Saturday, March 31, 2007

Prof. Lester Brickman on Asbestosis Screenings

Ssrn_2 Brickman_lesterProfessor Lester Brickman of Cardozo School of Law, Yeshiva University, has posted his article, Disparities Between Asbestosis and Silicosis Claims Generated by Litigation Screenings and Clinical Studies, on SSRN.  Here's the abstract:

In 2005, U.S. District Court Judge Janis Jack, presiding over an MDL proceeding involving 10,000 claims of silicosis emanating from litigation screenings, issued a 264 page opinion rejecting the reliability of thousands of medical reports generated by those screenings. Before issuing her opinion, she ordered a Daubert hearing to assess the reliability of these medical reports which had been issued by a handful of doctors. In furtherance of this unprecedented use of a Daubert hearing in a mass tort proceeding, she compelled the production of a large volume of evidence, under threat of contempt, that the screening companies and doctors would not have otherwise produced. She went on to document in great detail the existence of a fraudulent scheme to create bogus medical evidence that lead her to conclude that it is apparent that truth and justice had very little to do with these diagnoses. . . . [Indeed] it is clear that lawyers, doctors and screening companies were all willing participants in a scheme to manufacture. . . [diagnoses] for money.

Judge Jack's findings largely corroborated my own conclusions with regard to the validity of X-rays readings and diagnoses of asbestosis which I had published a year earlier. In that article, I described how an illegitimate entrepreneurial model had been devised by lawyers, doctors and screening companies to screen hundreds of thousands of potential litigants for the sole purpose of generating claims of nonmalignant injury allegedly caused by asbestos exposure and manufacturing the requisite medical reports to sustain the claims.

Judge Jack's opinion has been widely covered in the news media and is still reverberating around the mass tort world. Much less heralded is the fact that Judge Jack ordered that the X-rays and medical records generated by the unprecedented discovery be placed in a repository where it could be accessed by parties.
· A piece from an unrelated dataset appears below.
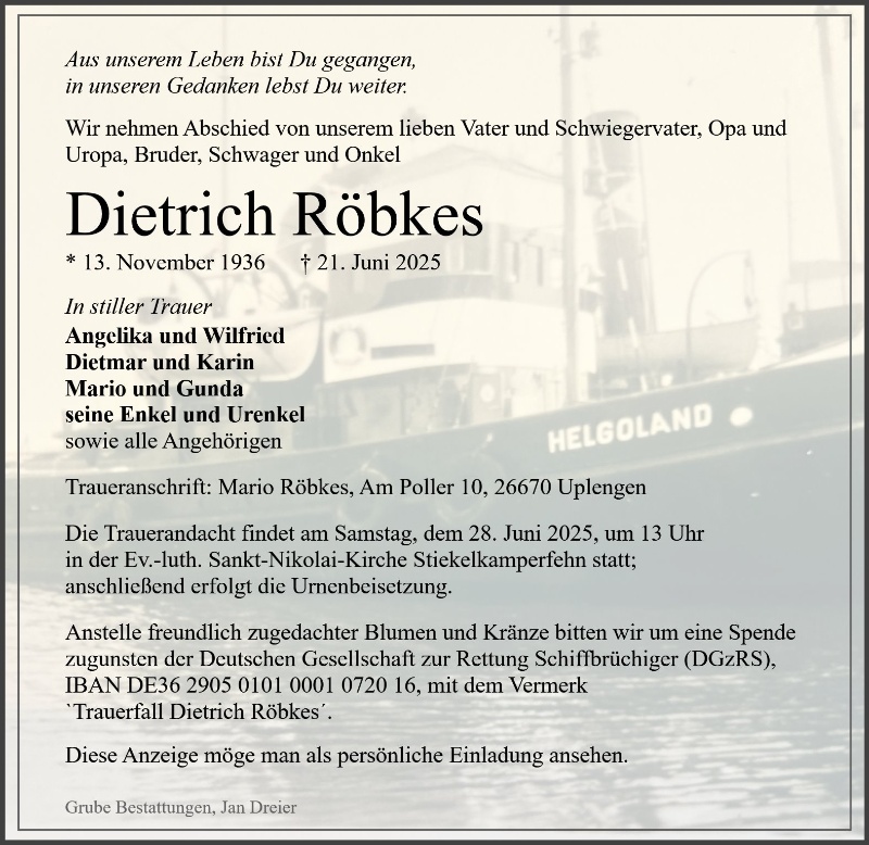 Du bist jetzt auf Deine letzte Reise gegangen und bei Deiner Frau und unserer Mutter. Dem Leben sind Grenzen gesetzt,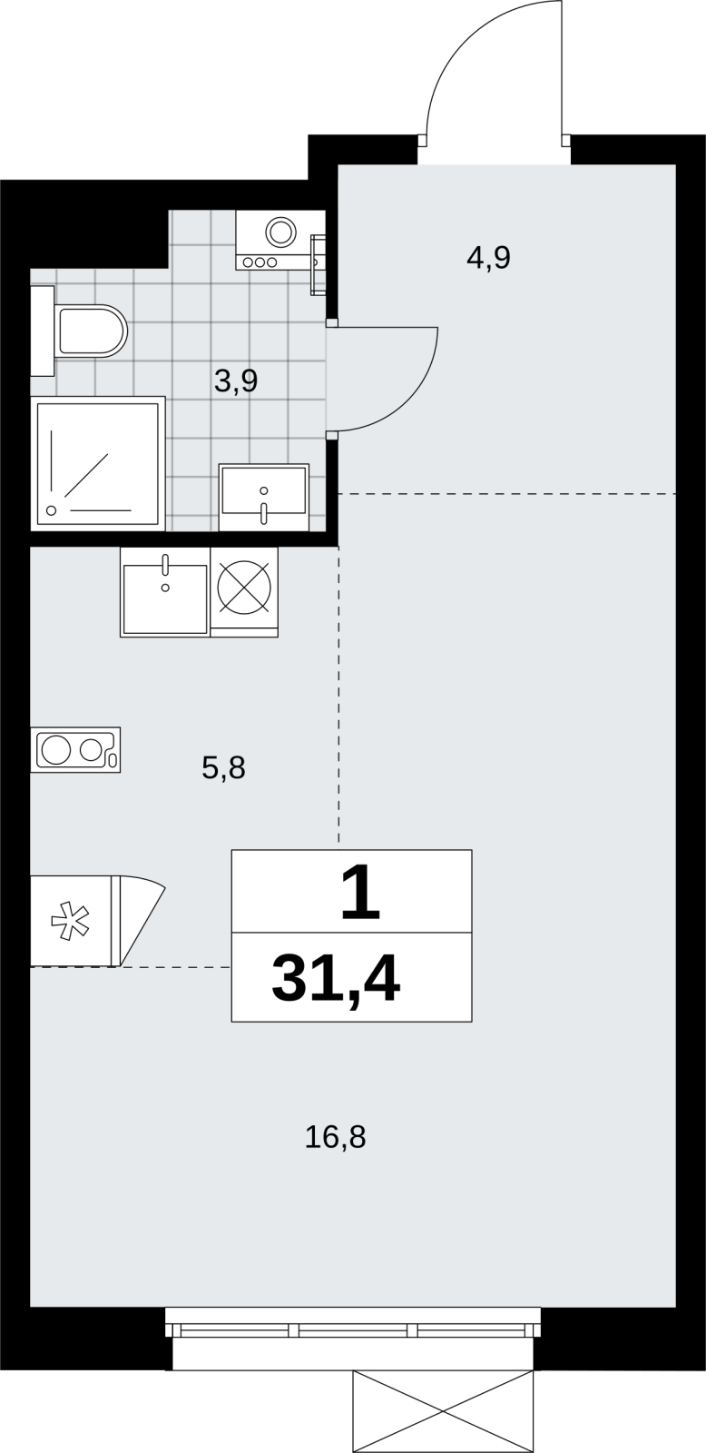 Продается 1-комн. квартира в новом жилом комплексе, метро рядом Просторная 1-комн. квартира-студия в ЖК "Прокшино" на 9 этаже. Квартира без отделки, новый собственник может сделать ремонт по своему дизайн-проекту. Общая площадь: 31.4 кв.м., площадь гостиной 22.6 кв.м., из которых 5.8 кв.м. выделено под кухонную зону. Все окна выходят на одну сторону. В квартире один совмещенный санузел. Высота потолков 2.95 м. Дом монолитный, двухподъездный, высотой 13 этажей. Квартира находится в 1-й секции в корпусе 9.1. На этаже 5 квартир. В подъезде 1 пассажирский и 1 грузовой лифт. Начало строительства - 3 квартал 2025 года. Окончание строительства - 4 квартал 2027 года. Оформление сделки по договору долевого участия. В шаговой доступности от жилого комплекса расположены станции метро (расстояние по прямой): «Филатов луг» (1.4 км), «Прокшино» (1.7 км), также недалеко от этого корпуса находятся станции метро: «Саларьево», «Румянцево», «Теплый стан». ЖК «Прокшино» расположен в 7,6 км от МКАД в Новой Москве. В 8 минутах пешком находится станция метро "Прокшино" быстрой и комфортной красной линии метро. Высокую транспортную доступность обеспечивают и два крупных шоссе, до которых легко доехать за 5 минут по новой скоростной автотрассе Солнцево – Бутово – Варшавское шоссе. Жилой комплекс "Прокшино" входит в кластер Прокшино. В районе появятся дома комфорт и бизнес-класса с подземным паркингом, закрытыми благоустроенными дворами без машин, местами для активного и созерцательного отдыха, магазинами, бытовыми сервисами и другими коммерческими объектами. Рядом пруд с собственной набережной и городской парк «Хованская дубрава». Для маленьких жителей построят детские сады, образовательный комплекс. (AQID02509024)

These records are now being systematically examined.

In this article, I present some of the findings of this ongoing examination as well as other data which has recently become available which addresses the issue of whether the hundreds of thousands of medical reports generated by asbestos litigation screenings have also been manufactured for money. In particular, I present data indicating that a comparative handful of doctors selected by plaintiffs' lawyers (litigation doctors) read 50%-90% of the X-rays sent to them by plaintiffs' attorneys as positive for pulmonary fibrosis and provide findings that these readings are consistent with asbestosis. In addition, I estimate that these same doctors, as well as a small number of others, diagnose at least 80% of those with positive X-ray reads as having asbestosis within a degree of medical certainty.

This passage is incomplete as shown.